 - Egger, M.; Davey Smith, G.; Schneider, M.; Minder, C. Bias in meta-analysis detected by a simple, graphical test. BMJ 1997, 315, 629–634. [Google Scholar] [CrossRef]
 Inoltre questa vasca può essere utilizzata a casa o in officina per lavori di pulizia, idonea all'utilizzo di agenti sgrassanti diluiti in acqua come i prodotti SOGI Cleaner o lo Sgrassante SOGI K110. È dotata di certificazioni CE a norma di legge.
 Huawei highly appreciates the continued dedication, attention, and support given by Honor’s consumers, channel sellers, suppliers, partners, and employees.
........
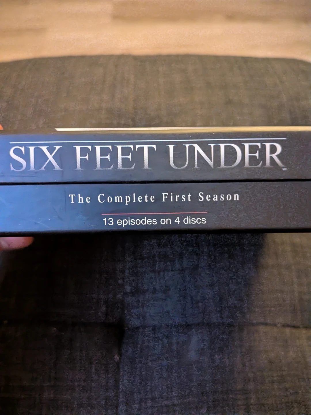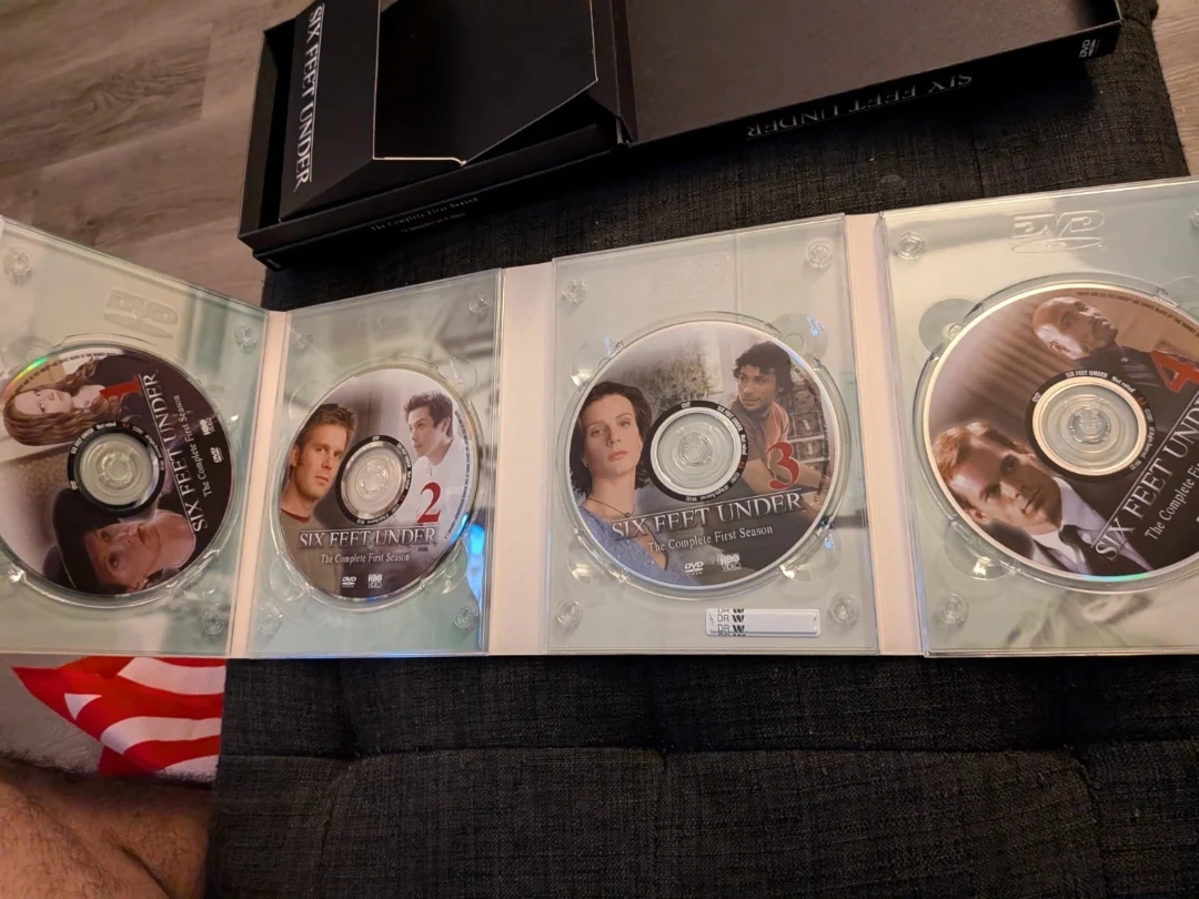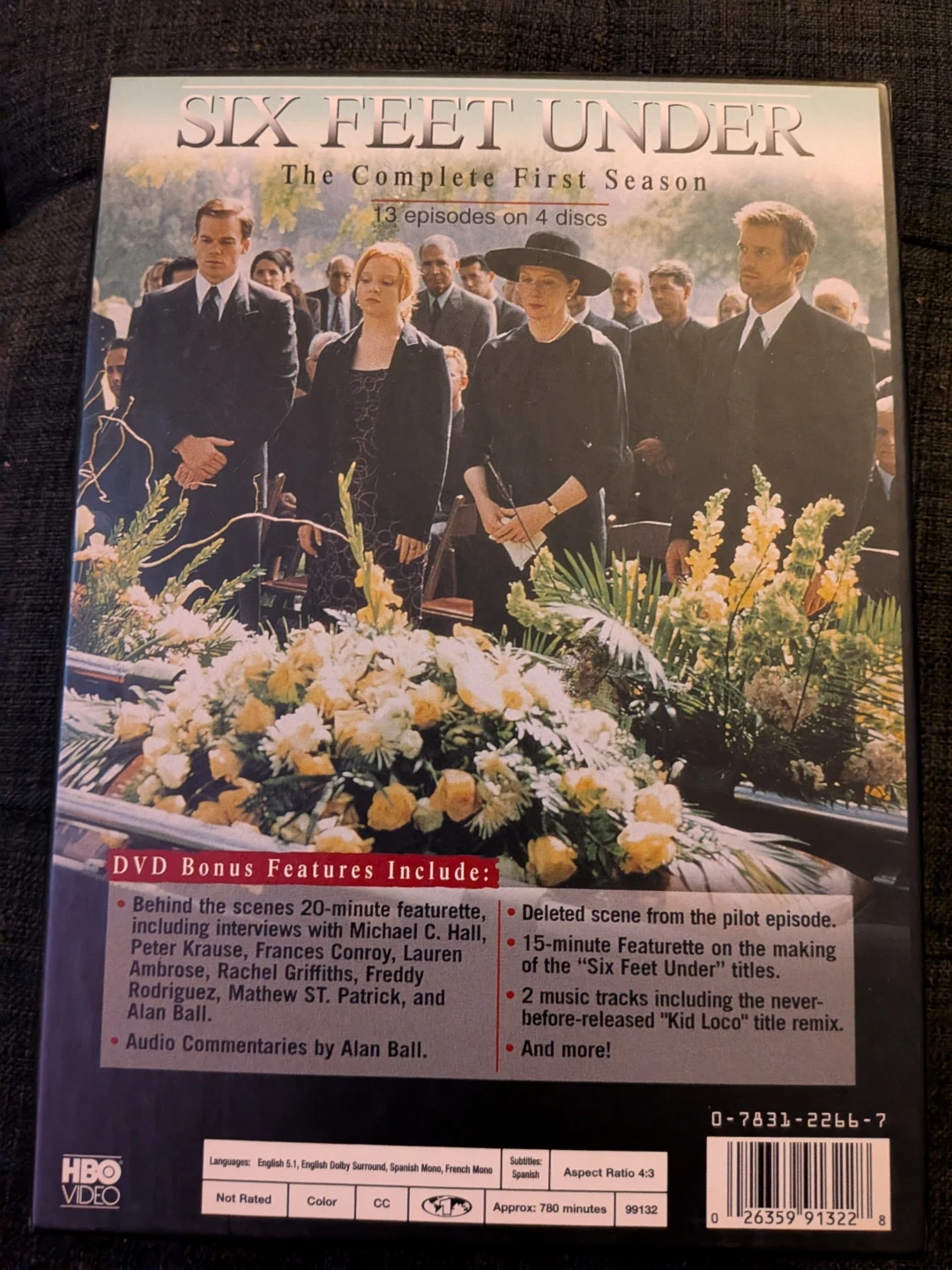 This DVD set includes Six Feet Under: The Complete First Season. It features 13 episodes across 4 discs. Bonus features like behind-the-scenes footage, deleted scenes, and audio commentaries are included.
........
TASK DETAILS
Start with the line above that contains "Inoltre questa vasca" and end with the line that contains "Huawei highly appreciates". Write out those lines exactly, and only those.

RESULT BELOW
 Inoltre questa vasca può essere utilizzata a casa o in officina per lavori di pulizia, idonea all'utilizzo di agenti sgrassanti diluiti in acqua come i prodotti SOGI Cleaner o lo Sgrassante SOGI K110. È dotata di certificazioni CE a norma di legge.
 Huawei highly appreciates the continued dedication, attention, and support given by Honor’s consumers, channel sellers, suppliers, partners, and employees.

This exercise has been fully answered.